At EpiVax, Dr. De Groot devotes her primary efforts to developing the marketing, sales, science and business strategies at EpiVax. She spends one day per week at Brown University, where she is Associate Professor of Medicine and Community Health. She teaches vaccinology to undergraduate students at Brown University and University of Rhode Island (Spring Semester) and provides clinical care to patients at the Rhode Island TB clinic one afternoon per week. She is founder and Co-Chief editor of IDCR (an on-line electronic journal, established 1998) and founder and volunteer scientist of the GAIA Vaccine Foundation (501c3, 2002). In addition to her active research on vaccines for HIV, TB, Tularemia, Smallpox and EBV, she is a pioneer in the field of deimmunisation (of protein therapeutics).

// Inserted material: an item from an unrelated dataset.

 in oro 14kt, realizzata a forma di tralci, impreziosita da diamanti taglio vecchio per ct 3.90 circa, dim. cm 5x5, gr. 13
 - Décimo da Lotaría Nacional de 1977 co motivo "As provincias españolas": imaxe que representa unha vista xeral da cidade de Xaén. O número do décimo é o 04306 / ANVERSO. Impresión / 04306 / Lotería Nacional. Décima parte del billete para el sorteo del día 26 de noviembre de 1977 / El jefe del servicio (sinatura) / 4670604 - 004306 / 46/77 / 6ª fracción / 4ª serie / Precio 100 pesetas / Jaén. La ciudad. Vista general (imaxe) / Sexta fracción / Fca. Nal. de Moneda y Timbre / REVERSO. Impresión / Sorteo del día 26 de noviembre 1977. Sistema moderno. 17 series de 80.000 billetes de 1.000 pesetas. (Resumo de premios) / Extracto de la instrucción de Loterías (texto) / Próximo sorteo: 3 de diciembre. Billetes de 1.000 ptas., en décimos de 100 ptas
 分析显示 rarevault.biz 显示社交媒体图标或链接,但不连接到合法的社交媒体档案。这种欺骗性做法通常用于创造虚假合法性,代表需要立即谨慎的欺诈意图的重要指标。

She and Bill Martin developed the DeFT approach to reengineering protein pharmaceuticals in 2002 and discovered "Epi-13" also known as "Tregitope", new molecules with potential for the treatment of autoimmune diseases, in 2007.

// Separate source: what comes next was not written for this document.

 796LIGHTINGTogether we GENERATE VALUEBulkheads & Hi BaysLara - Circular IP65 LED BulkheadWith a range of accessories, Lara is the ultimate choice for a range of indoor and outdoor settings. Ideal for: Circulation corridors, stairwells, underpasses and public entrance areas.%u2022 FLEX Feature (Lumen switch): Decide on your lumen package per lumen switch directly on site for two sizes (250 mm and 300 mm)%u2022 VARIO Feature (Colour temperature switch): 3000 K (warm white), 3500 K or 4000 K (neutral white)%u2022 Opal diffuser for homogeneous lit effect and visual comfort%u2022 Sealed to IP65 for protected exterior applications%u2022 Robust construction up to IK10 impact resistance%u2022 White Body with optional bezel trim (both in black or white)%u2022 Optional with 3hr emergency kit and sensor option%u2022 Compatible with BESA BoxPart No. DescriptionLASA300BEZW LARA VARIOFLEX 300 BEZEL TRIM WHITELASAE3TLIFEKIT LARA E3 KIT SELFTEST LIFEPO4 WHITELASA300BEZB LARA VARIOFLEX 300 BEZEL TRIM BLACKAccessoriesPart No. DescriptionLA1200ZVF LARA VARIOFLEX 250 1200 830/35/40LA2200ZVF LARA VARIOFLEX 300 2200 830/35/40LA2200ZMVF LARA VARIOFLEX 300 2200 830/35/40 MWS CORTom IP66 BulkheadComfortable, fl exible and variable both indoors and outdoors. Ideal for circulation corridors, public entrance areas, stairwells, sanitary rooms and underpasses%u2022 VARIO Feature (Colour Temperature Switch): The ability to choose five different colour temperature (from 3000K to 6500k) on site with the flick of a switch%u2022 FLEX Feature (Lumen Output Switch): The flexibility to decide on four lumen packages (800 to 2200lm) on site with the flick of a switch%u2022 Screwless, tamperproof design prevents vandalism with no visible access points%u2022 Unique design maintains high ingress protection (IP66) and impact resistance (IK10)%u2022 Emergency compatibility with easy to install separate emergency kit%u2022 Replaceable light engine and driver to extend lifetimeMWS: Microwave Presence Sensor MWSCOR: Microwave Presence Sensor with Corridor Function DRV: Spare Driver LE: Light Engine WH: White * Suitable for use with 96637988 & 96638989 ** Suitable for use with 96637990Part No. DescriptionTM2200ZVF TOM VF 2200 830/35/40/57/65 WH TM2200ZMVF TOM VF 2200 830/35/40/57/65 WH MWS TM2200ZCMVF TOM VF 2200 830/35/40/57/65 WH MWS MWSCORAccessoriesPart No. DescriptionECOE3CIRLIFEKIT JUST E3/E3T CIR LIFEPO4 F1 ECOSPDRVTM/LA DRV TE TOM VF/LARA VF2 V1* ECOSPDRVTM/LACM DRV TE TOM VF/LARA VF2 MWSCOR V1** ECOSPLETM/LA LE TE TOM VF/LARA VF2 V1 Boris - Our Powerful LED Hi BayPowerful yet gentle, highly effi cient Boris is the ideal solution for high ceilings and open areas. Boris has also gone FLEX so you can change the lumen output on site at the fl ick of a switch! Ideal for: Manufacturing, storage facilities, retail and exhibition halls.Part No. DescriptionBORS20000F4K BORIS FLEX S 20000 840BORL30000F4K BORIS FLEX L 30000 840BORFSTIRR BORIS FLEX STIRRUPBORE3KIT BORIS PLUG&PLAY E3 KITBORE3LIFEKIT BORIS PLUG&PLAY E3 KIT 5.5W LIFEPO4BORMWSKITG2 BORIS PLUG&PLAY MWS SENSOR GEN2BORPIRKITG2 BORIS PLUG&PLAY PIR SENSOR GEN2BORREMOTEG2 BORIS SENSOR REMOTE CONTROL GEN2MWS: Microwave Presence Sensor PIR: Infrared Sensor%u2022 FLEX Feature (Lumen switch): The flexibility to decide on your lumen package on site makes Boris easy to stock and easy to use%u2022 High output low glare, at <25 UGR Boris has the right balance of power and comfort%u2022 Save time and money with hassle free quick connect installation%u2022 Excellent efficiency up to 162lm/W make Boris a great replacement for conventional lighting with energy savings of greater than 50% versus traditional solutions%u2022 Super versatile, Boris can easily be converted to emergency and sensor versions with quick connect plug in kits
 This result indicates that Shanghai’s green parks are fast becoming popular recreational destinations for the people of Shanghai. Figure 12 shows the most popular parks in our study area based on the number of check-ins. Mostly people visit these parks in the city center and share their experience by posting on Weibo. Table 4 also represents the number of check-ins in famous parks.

De Groot has received uninterrupted federal funding for her research activities through multiple NIH (K08, R21, R01, SBIR) and foundation grants since 1989. She was the recipient of a National Foundation for Infectious Diseases-Eli Lilly Award, two Rhode Island Foundation awards and a Commercial Innovation Award (from the Rhode Island Center for Cellular Medicine). In 2003 she was recognized by Women and Infants Hospital as "Woman of the Year in Science". She was recognized as one of the "Best and the Brightest" in Science and Technology by Esquire Magazine (2003) for her work on the GAIA HIV vaccine. In 2006 she was named "Doctor of the Year" by the Rhode Island Medical Women's Association. In 2007 she received the Al Fisher "Red Ribbon Award" for her AIDS work in West Africa, from AIDS Project Rhode Island. She has published more than 100 articles and chapters describing the development of epitope-driven vaccines and the application of immunoinformatics tools.

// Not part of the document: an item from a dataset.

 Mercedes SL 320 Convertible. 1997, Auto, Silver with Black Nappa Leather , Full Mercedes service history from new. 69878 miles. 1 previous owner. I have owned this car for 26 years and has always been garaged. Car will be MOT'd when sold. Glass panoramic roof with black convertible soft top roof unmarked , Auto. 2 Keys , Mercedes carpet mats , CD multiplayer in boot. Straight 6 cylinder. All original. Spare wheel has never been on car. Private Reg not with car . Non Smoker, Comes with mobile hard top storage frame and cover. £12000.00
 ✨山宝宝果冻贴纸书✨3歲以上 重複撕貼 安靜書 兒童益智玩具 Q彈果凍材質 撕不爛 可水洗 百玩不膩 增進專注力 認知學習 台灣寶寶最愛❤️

She nourished a productive laboratory (the TB/HIV Research Laboratory) at Brown before shifting her primary effort from Brown to EpiVax in 2006. As CEO of EpiVax, she successfully established client relationships with Amgen, Eli Lilly, Chiron and a range of smaller biotech companies. Last but certainly not least, she is the proud mother of two beautiful and intelligent children ages 19 and 15.